C’est tout simple. Et tu es même le genre d’adulte rétrograde et borné qui croit que ça revêt un certain sens, et qui concède assurément que c’est rationnellement une façon très efficace d’éviter un tas d’emmerdes. En fait, pas au point d’inclure à ce commandement cette vague théorie qui annexe à la notion d’adultère celle exigeant la pureté de tout organe circonvoisin du pancréas avant le mariage. Pas au point d’inclure le besoin de mariage d’ailleurs.

Bon, cela étant dit, maintenant que tu es moralement blindé (mais juste un peu, disons blindé comme une armée canadienne) contre les attaques du clergé, de la commère du coin de la rue et du futur avocat que tu espères que ta copine n’envisage pas d’engager pour vérifier que tu ne jases pas trop et de trop près avec la charmante voisine, tu affirmes qu’il est tout de même bon que certains aient défié et défient encore ce commandement.
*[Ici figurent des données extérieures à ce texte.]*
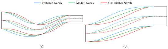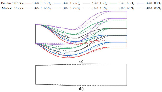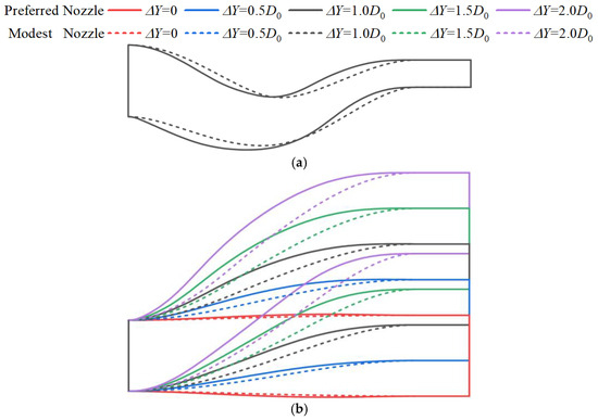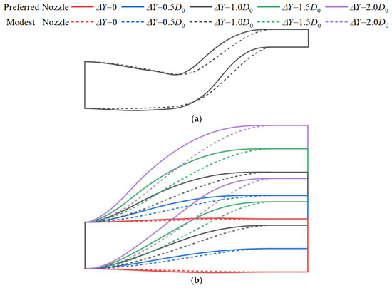 Comparisons of structures of the ‘Preferred Nozzle’, ‘Modest Nozzle’, and ‘Undesirable Nozzle’ (L = 4.8D0, ΔZ = 0.1D0, ΔY = 1.0D0). (a) Projection on the vertical plane. (b) Projection on the horizontal plane. The dashed lines of different colors represent the centerline of the corresponding nozzles.

Car enfin, de la littérature classique au théâtre d’été aliénant, du film d’auteur franco-austro-paraguayen au feuilleton télévisé scénarisé en série, en supposant que ce commandement ait été ou devienne strictement suivi à la lettre, c’est avec une certaine tristesse que tu imagines l’huile même des multiples couches de la culture actuelle désagrégée dans la térébenthine de l’obédience morale. Qui est prêt à vivre dans un monde où les liaisons dangereuses ne l’auraient pas été? Où madame Bovary aurait fait des tartes à la rhubarbe pour passer le temps? Où les personnages d’un soap n’auraient pas la possibilité d’avoir une aventure avec chacun des autres personnages? Où plus une femme n’aurait de raison de dire: «Ciel, mon mari!» lorsqu’un homme chauve cravaté arrive à l’improviste côté jardin? Où les secrétaires dans les films seraient simplement des secrétaires? Où presque toutes les tragédies grecques auraient eu pour cause une mésentente sur la salaison de la féta?
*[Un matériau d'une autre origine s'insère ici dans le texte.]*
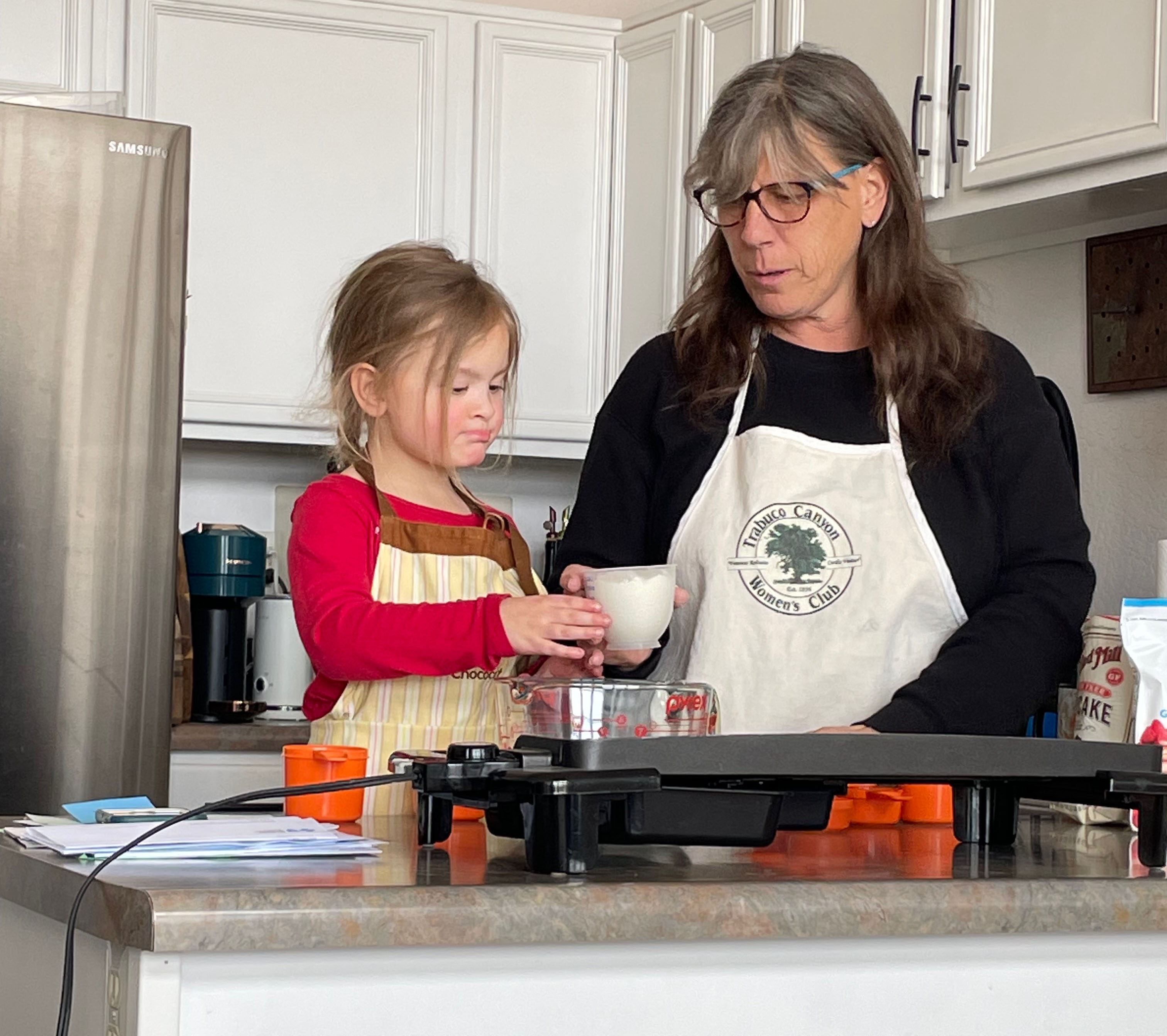 Much of the activities are outside with dirt and animals, but she also enjoys helping Nana in the kitchen.

Non, tu n’es pas prêt à ça. Tu revendiques le droit à l’adultère des autres pour une saine éthique du divertissement.

7 commentaires:

Anonyme a dit...

C'est vrai qu'il est un peu casse-couilles, Dieu. Mais on ne l'imagine pas commander à ses ouailles : « Fais ce que tu veux avec la femme de ton voisin, du moment que personne ne s'en rend compte ». Il est un peu coincé dans son personnage de droite réactionnaire. Malheureusement pour lui, 90% de ses ouailles iront rotir en enfer parce qu'il est absolument impossible de respecter tous Ses commandements à la lettre.

Dieu devrait s'abstenir de donner des ordres auxquels personne ne va obéir. C'est mauvais pour l'autorité. C'est Danton qui le dit, alors ça doit être vrai.

Hortensia a dit...

«Tu revendiques le droit à l’adultère des autres pour une saine éthique du divertissement.»

Et comme chacun sait, je est un autre...

François a dit...

Bien vrai, Bernard, ça créerait un certain émoi dans l’assistance. Et parlant Danton et Dieu, ils ne sont pas si éloignés. Ils partagent même leur réputation de gars assez Indulgents…

Ouf! Hortensia, moi-même n’étais pas assez tordu pour le voir comme ça! Mais bon, tu ne sortiras pas de photos compromettantes noir et blanc, grand format, dans une enveloppe Kraft, j’espère…

Mercurius Mendax a dit...

Ce sont en général des questions bêtement sociales qui sont derrière ce genre de commandements. Qu'importe. Dieu est con, il crée le désir, le désirable et les désirants. Et comme ce n'était pas assez explosif, lui vint l'idée de créer des commandements. En fait il n'est pas con, il est pervers. C'est d'ailleurs contre lui que je me suis mis à adultérer.

François a dit...

Mercurius, s’il faut s’en tenir au texte, je ne crois pas qu’on puisse imputer à Dieu toute la sphère du désir, de la désirabilité, etc. Ça tomberait justement sous la juridiction du concurrent rouge avec cornes et autre extrémité fourchue qui fait de sacrées bonnes affaires depuis qu’il a inventé et commercialisé avec succès la tentation.
Puis « ne nous soumets pas à la tentation », c’est un peu mince comme riposte. Dieu a même eu à ajouter à ce commandement celui-là : « Tu ne désireras pas la femme de ton prochain ». Comme quoi Dieu ne craint pas les difficultés techniques.

Mercurius Mendax a dit...

François, ne trouves-tu pas qu'il y a comme un problème dans ce que tu dis ? En effet, si le désir est la juridiction de Satan (ce qui en soi est discutable), comment se fait-il que la prière "ne nous soumets pas à la tentation" soit adressée à Dieu? Cela implique que Dieu décide ou nous de nous soumettre à la tentation, et donc crée les conditions de la faute. J'ai peine à ne pas trouver cela pervers.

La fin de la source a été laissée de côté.